Je logue, donc j'écris
Des chercheurs de Carnegie Mellon viennent de mettre au point une variante du test de Turing qui pourrait enfin venir en aide aux grands projets de bibliothèque « open source », tel Gutenberg. Le principe est simple. Beaucoup de blogs, wiki, forums, outils de messagerie web, services « on line » utilisent un procédé dit « captcha » destiné à éliminer les outils automatiques et autres robots de pillage d'adresses qu'affectionnent les spammeurs. Seul un humain est capable de lire les caractères déformés d'une suite de chiffres ou de lettres, et de reconnaître dans une anamorphose psychédélique le mot « boeuf-bourguignon » ou « nabuchodonosor ».
Utilisons donc, espèrent ces chercheurs, et par le biais d'un réseau interdépendant et néanmoins mondial, cette « intelligence de reconnaissance humaine » pour aider à décoder les saisies OCR un peu douteuses.
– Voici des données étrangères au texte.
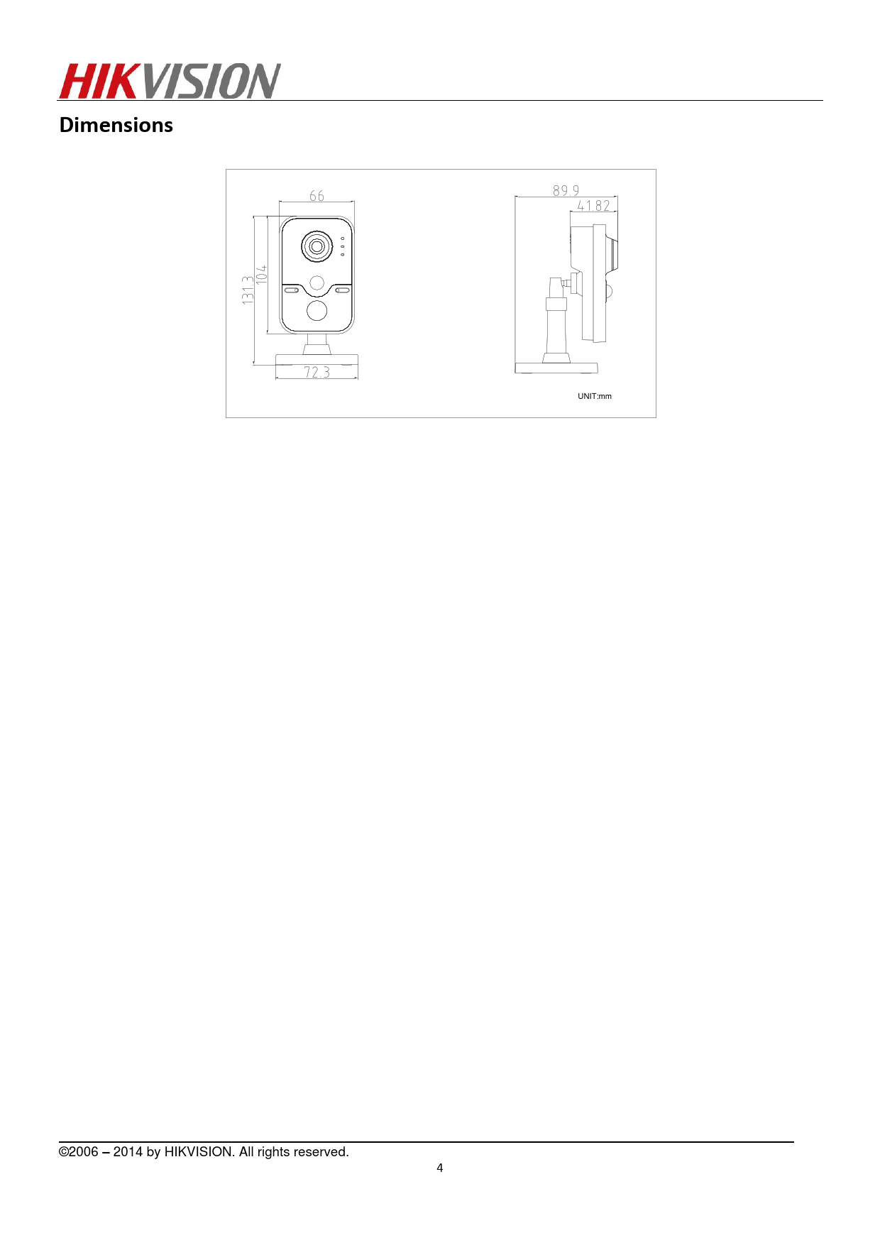 UNIT:mm ©2006 – 2014 by HIKVISION. All rights reserved. 4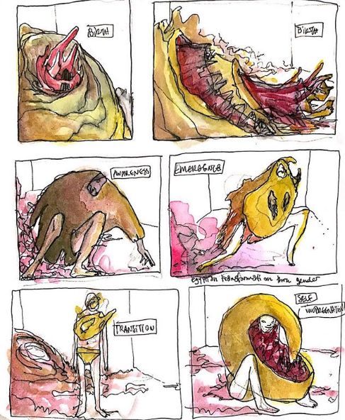这么与众不同的女孩自然有自己内心的小世界,Hunter Schafer 平时在IG上还喜欢分享自己的涂鸦和拼贴作品,有的是以照片为灵感,有的甚至是以她自己为灵感。

En d'autres termes, je passe au scanner le dernier Best Seller de Ronsard (Pierre de, pour les intimes), lequel ne connaissait pas encore l'ordinateur et écrivait
Je vous envoie un bouquet, que ma main
Vient de trier de ces fleurs épanouies,
Qui ne les eut à ces vêpres cueillies,
Tombées à terre elles fussent demain.
Que la typographie de l'époque, en Janson hasté, ne plaise pas au programme de reconnaissance optique semble presque normal. Le fin lettré qu'est l'homo-informaticus logens saura, lui, distinguer les « vêpres » des « vêprées », et lèvera un doute quant à la bonne saisie d'un texte et son futur reversement dans la bibliothèque de l'honnête internaute.
Les esprits chagrins verront en cette adaptation d'un mécanisme de sécurité une faille inquiétante : le test de Turing ne repose-t-il pas précisément sur le fait que l'ordinateur générant le « challenge » est capable de savoir si la « response » est exacte à la lettre près? Or, comme dans ce cas précis, la machine requérante ne connait pas la réponse à la question qu'elle pose elle-même, comment pourrait-elle donc assumer sa tâche de filtrage ? A cette remarque, les Mellicarnégiens * expliquent que non, l'ordinateur-questionneur n'est pas totalement ignorant de la réponse attendue. Il en connait au moins une partie, et peut comparer le résultat communiqé à une suite logique de mots pouvant figurer dans un dictionnaire ou un thésaurus, puis se voir confirmer la chose par échantillonnage statistique en fonction d'autres réponses fournies par d'autres humains « testdeturingés ». Faisons confiance à ces universitaires, ils ont déjà « inventé » les systèmes de calcul distribué, la recherche d'extra-terrestres dans le bruit thermique spatial et les serveurs d'authentification Radius ... entre autres choses.
Avec un peu de chance, ce serait là une contre-attaque à la boulimie de saisie de Google, plus efficace qu'une protestation d'Universitaire bibliophile.
*Note de la Correctrice : Il semblerait que cet usage des mécanismes patronymiques ne soit pas franchement académique. Mais passons ... l'on parle ici des habitants de Carnegie-Mellon.